Конечно, не было ни времени, ни возможности ознакомиться как следует с тамошней жизнью, но доступное мимолетному взгляду, что подметить успевал все же, совпадало с впечатлениями, например, секретаря- $1одессиста», а «одессист» кое‑что значило для него!.. Не в первый раз отправляясь за океан, еще по дороге туда убеждал тот Сергея Юльевича, что это только сначала янки кажутся материалистами, расчетливыми, чуждыми всякого идеализма и прочих слабостей.

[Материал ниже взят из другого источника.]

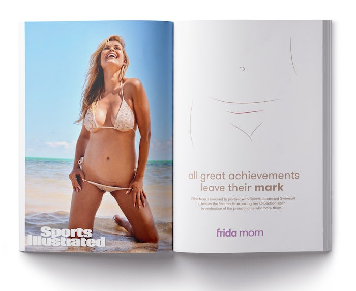 The photo is part of the brand’s partnership with maternity-care company Frida Mom as part of their “Pay With Change” campaign, a new gender equity advertising initiative in which Sports Illustrated will accept advertising only from companies with demonstrated programs to advance gender equality and drive progress for women’s empowerment.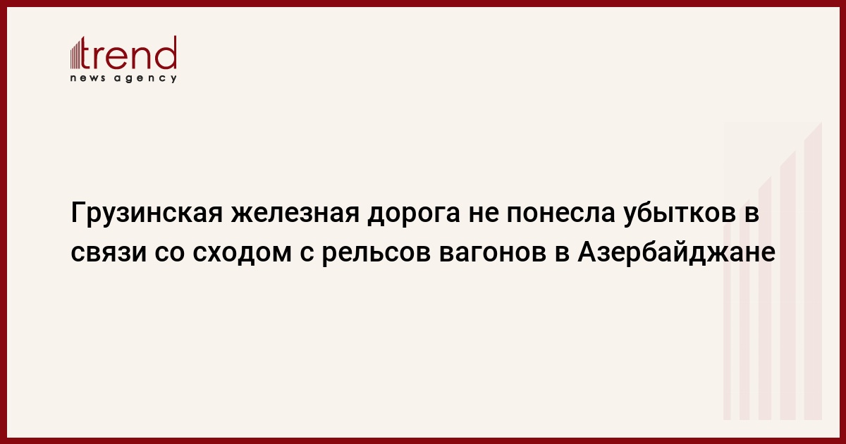Грузия, Тбилиси, 24 декабря /корр. Trend Н.Кирцхалиа/ Грузинская железная дорога не понесла убытков в связи со сходом с рельсов железнодорожных вагонов в Азербайджане. Информация об определенных проблемах поступила, но ущерба грузинской стороне нанесено не было, сказали Trend в ООО "Грузинская железная дорога".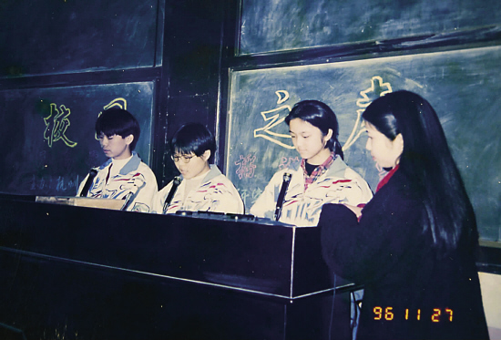 湯唯是班長(zhǎng),又是語(yǔ)文課代表,藝術(shù)天賦很早就表現(xiàn)出來(lái)了。1996年11月27日,湯唯與另外兩名同學(xué)代表學(xué)校參加校園之聲職高學(xué)生播音比賽,還獲了獎(jiǎng)。“她很喜歡各種文藝方面的活動(dòng),每次的主題班會(huì)都是湯唯與副班長(zhǎng)一起主持策劃的!闭f(shuō)到這班主任肖老師很開(kāi)心,“只要有她在,我什么都不用操心,只要坐在底下聽(tīng)就好。她是個(gè)很用功的學(xué)生。湯唯普通話說(shuō)得很好,學(xué)校的活動(dòng)很多都是她主持的。”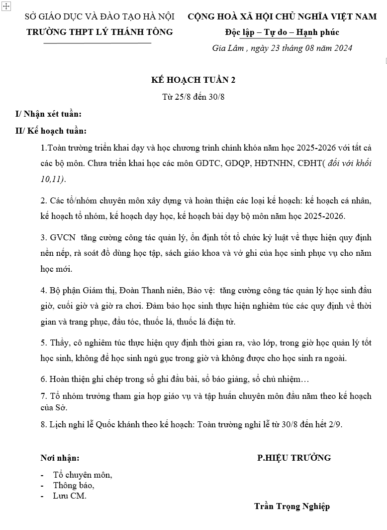 KẾ HOẠCH TUẦN 02 NĂM HỌC 2025-2026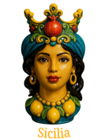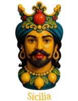 Da un lato, la grazia e la bellezza della fanciulla siciliana; dall'altro, il fascino fiero del giovane Moro. Entrambi sono adornati con i simboli della nostra terra: corone dorate, rossi melograni (simbolo di fertilità e fortuna) e i gialli limoni di Sicilia, che sembrano quasi sprigionare il loro profumo.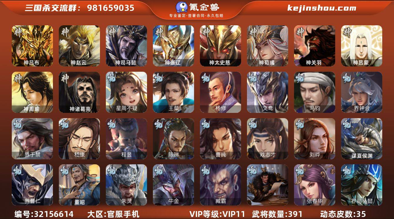 VIP等级: VIP11 官阶: 大将军 武将数量: 391 动态皮肤数量: 35 神将: 神吕布,神司马懿,神太史慈,神荀彧,神张辽,神赵云,神关羽,神吕蒙,神周瑜,神诸葛亮 魏国武将: 刘晔,戏志才,曹纯,陈琳,程昱,嵇康,界于禁,界钟会,马钧,文鸯,杨修,王粲,唐咨-魏,张辽,SP蔡文姬,SP曹仁,SP关羽,SP贾诩,SP姜维,SP庞德,卞夫人,曹昂,曹操,曹冲,曹洪,曹丕,曹仁,曹叡,王异,张恭,鲁芝,界满宠,曹休,界曹植,满宠,荀攸,王基,钟繇,蒯越蒯良,郭嘉,牵招,荀彧,阮慧,杜畿,界郭嘉,崔琰,界曹丕,界荀彧,朱灵,界甄姬,吕虔,界王异,界许褚,界郭淮,华歆,陈群,界邓艾,界典韦,袁涣,李通,乐进,辛宪英,郭淮,界曹彰,郭皇后,毌丘俭,夏侯惇,曹植,司马朗,谋于禁,界曹操,星周不疑,许褚,界张辽,谋徐晃,张郃,钟会,文聘,曹彰,界夏侯惇,诸葛诞,司马懿,甄姬,界徐晃,徐晃,界曹仁,孙资刘放,韩浩史涣,胡班,曹真,典韦,界夏侯渊,夏侯渊,李典,于禁,王双,邓艾,界司马懿,张春华,孟达-魏,臧霸,牛金,朱灵(国战),董昭,谋夏侯渊 蜀国武将: 董允,关索,界黄忠,谯周,沙摩柯,王平,张星彩,赵襄,诸葛瞻,谋马超,谋赵云,马云騄,徐庶,界魏延,杨仪,吕凯,界关羽,界诸葛亮,邓芝,界伊籍,胡金定,费祎,严颜,界黄月英,界张嶷,赵云,张松,彭羕,李丰,界刘备,界刘禅,刘封,糜竺,谋庞统,黄月英,关羽,王甫赵累,吴懿,界吴懿,界廖化,向宠,祝融,张飞,黄皓,陈震,魏延,马忠,界法正,糜夫人,界孟获,刘禅,界赵云,界姜维,张翼,关银屏,界祝融,SP孙尚香,SP徐庶,卧龙诸葛,宗预,周仓,简雍,界关兴张苞,诸葛亮,孙乾,界张飞,界卧龙诸葛,法正,界简雍,赵统赵广,陈到,界马岱,关平,马岱,界庞统,庞统,诸葛果,谋张飞,马谡,马超,廖化,关兴张苞,孟获,夏侯氏,姜维,黄忠,刘备,界马超,李严,马良,傅肜,蒋琬费祎,许靖,刘谌,彭羕(国战),甘夫人,SP甘夫人,势陈到,势陈祗 吴国武将: 贺齐,界徐盛,留赞,孙寒华,文鸯,潘濬,张温,周泰,全琮,吕蒙,SP庞...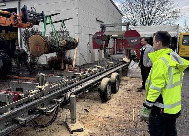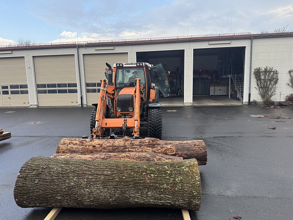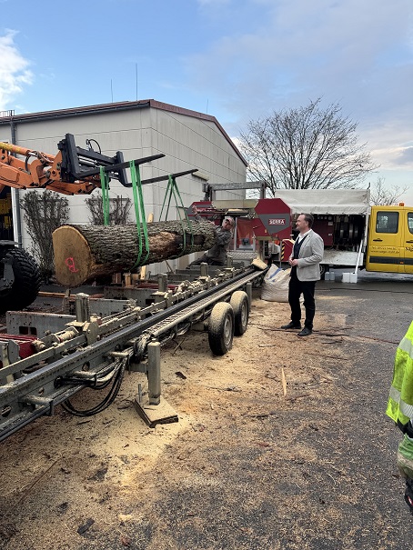 „Bereits zum zweiten Mal in Folge haben wir ein mobiles Sägewerk direkt auf dem Bauhof im Einsatz. So können die sorgfältig ausgewählten und gefällten Stämme direkt vor Ort zu robusten Bohlen, Brettern und Balken verarbeitet werden. Diese kurze Verarbeitungskette spart nicht nur Zeit, sondern auch Transportwege und Geld.“, erklärt Bürgermeister Christian Keller.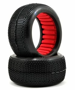AKA EVO Truggy tires feature the ROAR legal 1:8 Truggy bead design and a redesigned carcass shape that includes internal ribbing. This bead design mimics the 1:8 buggy bead design which will make for easier assembly and a stronger bond between the wheel and the tire. The carcass shape has been refined to take advantage of the bead design. Internal ribbing has been added to minimize tire growth at high RPM and support the tire contact patch during cornering. All this adds up to much improved handling and lower lap times.
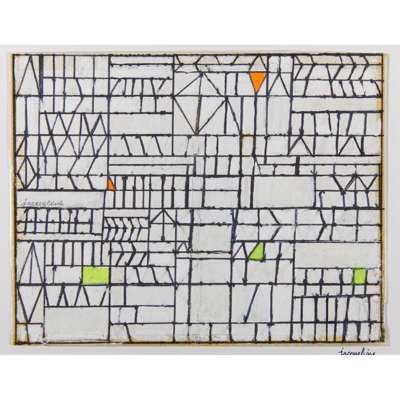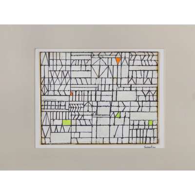 signed in pencil (centre left), signed in pen in margin (lower right), pen, ink, gouache and collage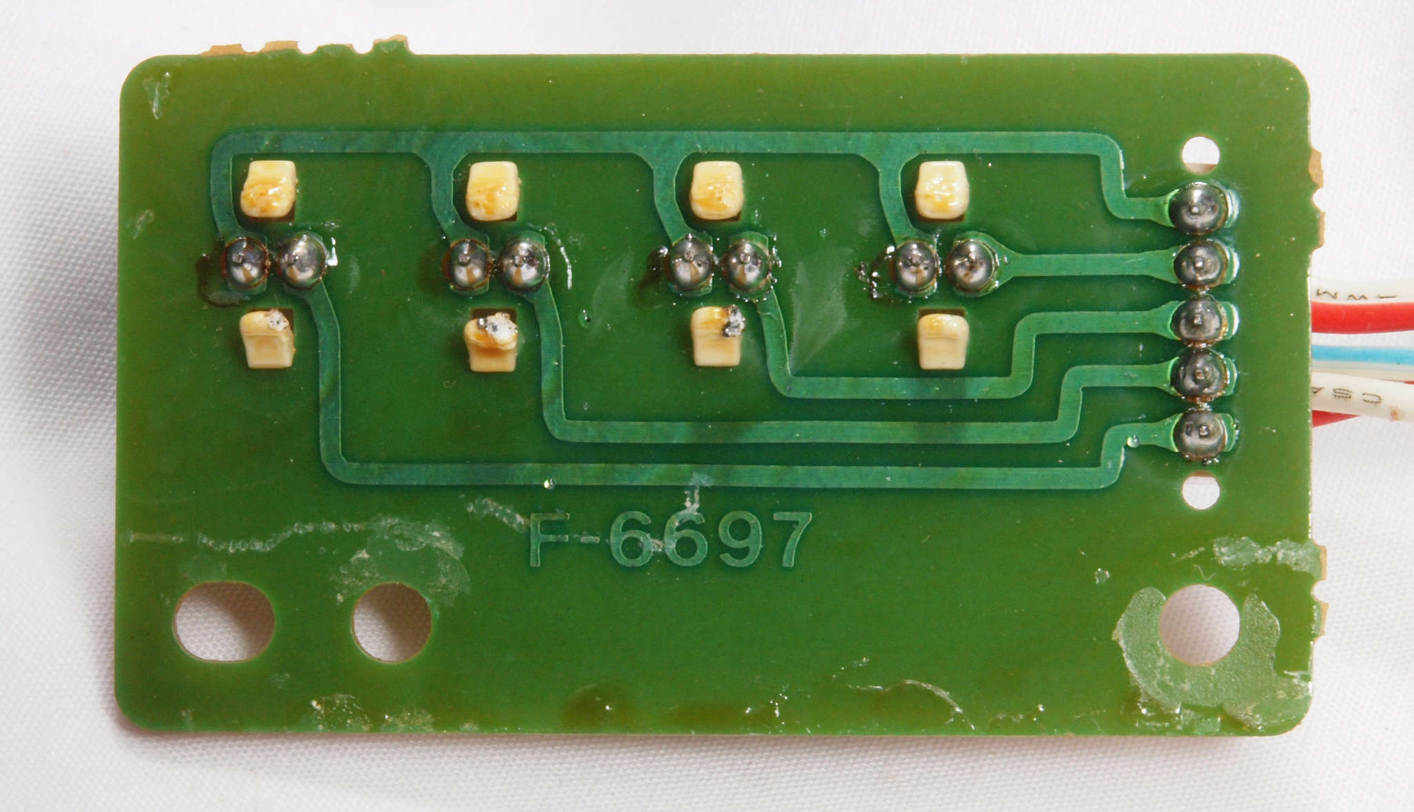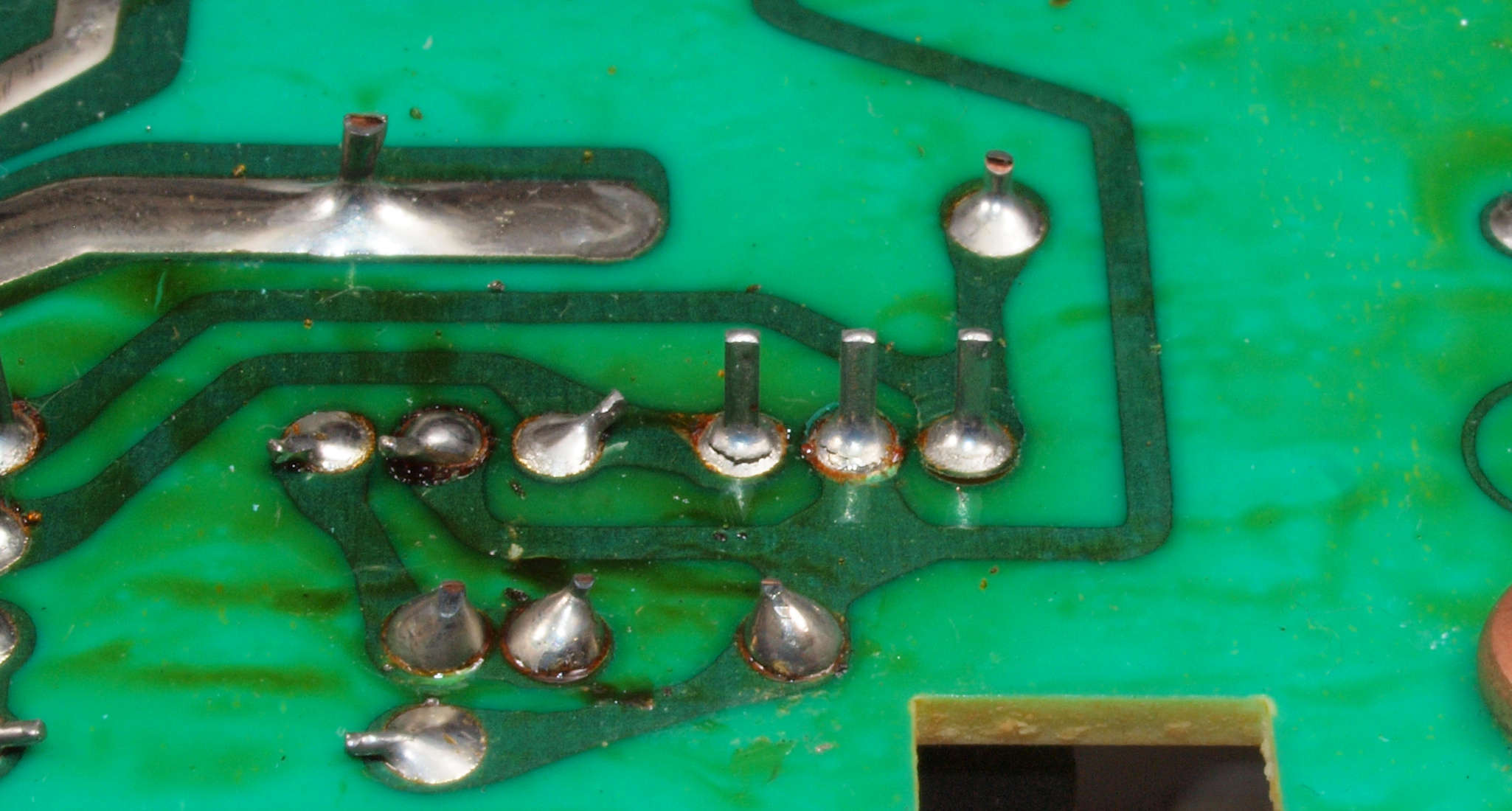 | C634. 修理後 L側ドライブ基板裏。 ドライブTR(トランジスター)の足の銅箔を広げる。 | ||||||||||||||||||||||||||||||||||||||||||||||||||||

— Но ведь это же превосходно, голубчик! — прерывал Сергей Юльевич. — Пустое идеальничанье — вот, может быть, национальная наша беда!

И тогда молодой собеседник, подзадоренный, не удерживался, возражал патетически:

— Когда узнаёшь их ближе, видишь — и начинаешь ценить — высокие нравственные качества свободолюбивых граждан великой страны!

Теперь же, оглядываясь из своего взбаламученного российского далека, он не мог не признать, что даже шапочное знакомство с той жизнью нечто важное подвинуло в нем самом. Будто свежим воздухом подышал.

Вторым Колумбом себя от этого, разумеется, не вообразил. Отношения с Америкой начались не с него и даже не с печально известной продажи Аляски. Верный способу пополнять свой багаж в разговорах, он и там мотал на ус кое‑что. Запал в память один спич застольный в том же «Метрополитен–клубе». Произнес его издатель, устроитель банкета, и назвать это можно бы речью, как он выразился, о великом содействии — с их Войны за независимость начиная. Так вот, Екатерина Великая не согласилась помочь английскому королю усмирить восстание североамериканских колонистов, потому как противно достоинству двух великих наций соединяться для подавления справедливых требований третьей!.. И император Александр I, еще сражаясь с Наполеоном, поддержал Соединенные Штаты в их второй стычке с Англией… И во время междоусобицы, Гражданской войны, в знак поддержки федералистов–северян русская эскадра патрулировала американские воды, готовая оказать помощь… Правда, в соответствии с обстоятельствами оратор предпочел не касаться осложнений последнего времени, на Дальнем Востоке, что Сергей Юльевич про себя, конечно, отметил, но в свою очередь, сделав скидку на обстоятельства, не нашел возражений.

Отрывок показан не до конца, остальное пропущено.